This morning, before heading into Zumiez for another long holiday shift, I went out for my run like I always do. I’m on day 696 of my streak and honestly it’s the one thing keeping my mind steady lately. With all the pressure of running Skate The Foundry, building Start Your Skate Business, and managing Zumiez during peak season, my mind has been packed. I already felt overloaded before the run even started. This moment ended up teaching me a lot about the skate business mindset.
Halfway through, I saw a woman walking two big dogs without a leash, a pit bull and a rottweiler. That’s normal in Fairmount Park. But today I wasn’t in the headspace for surprises. My stress was already maxed out. And then the rottweiler suddenly broke away and charged straight at me. Full speed. Eyes locked on mine. The owner was yelling its name over and over and it wasn’t listening.
Normally I would have freaked out or sped up or looked for somewhere to run, but something in me just shifted. The dog came within a few feet of me when I suddenly stopped running, turned toward it, and stared right back. And in my head I said, “Don’t even think about it. Don’t mess with me. I’m not in the mood.” The dog froze, stared at me, slowly walked backwards, and then ran back to its owner.
That moment stayed with me all day because it explained something I didn’t fully realize about myself. That moment wasn’t me trying to be tough, and it wasn’t adrenaline or leftover frustration. It was something completely different. It was clarity. No fear gripping me, no thoughts racing ahead, no replay of the past. Just this deep steady sense of presence, like everything around me suddenly quieted and I met the moment exactly as it was.

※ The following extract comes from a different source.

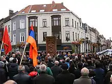 On 23 April 2015, the Flemish Parliament of Belgium unanimously adopted a resolution to fully recognize the Armenian genocide. The motion was put forward by all political parties of Flanders. The motion further called on Turkey to recognize the massacres as a genocide.[12] In 1997, an Armenian khachkar was erected in the square Henri Michaux, Brussels to commemorate the victims of the Armenian genocide.

And there’s actually biology behind that! When your brain hits overload, the overthinking part shuts down for a second. The body switches from frantic fight or flight into a calmer, instinctive mode. Your nervous system moves into a parasympathetic, hyperfocused state, the same one athletes enter when they’re in the zone. Breathing slows, awareness expands, reactions sharpen, and fear gets quiet. That’s exactly what happened to me. The dog didn’t stop because the owner called it. It stopped because it felt the energy shift.
All day I kept thinking about how similar this is to running a skate business or even managing a store. Things come at you out of nowhere. Sales dip, staff get stressed, parents complain, systems break, your own self doubt hits you, and everything feels like it’s coming full speed. Most people react emotionally. They panic, shut down, or run mentally. But that moment with the dog showed me that when you’re grounded, you can face things without fear. The problem doesn’t shrink because it gets easier. It shrinks because you stop running from it. It made me rethink what the skate business mindset really is.
Lately I’ve realized the version of me that my business needs isn’t the overthinking, stressed-out one. It’s the grounded one. The present one. The one who takes a breath, looks at what’s happening, and chooses the next step instead of reacting to everything at once. You don’t need hype or forced confidence. You don’t need to be loud. You just need presence.
That’s where the real power is. And when you show up like that, even the things that feel like they’re charging at you start backing off.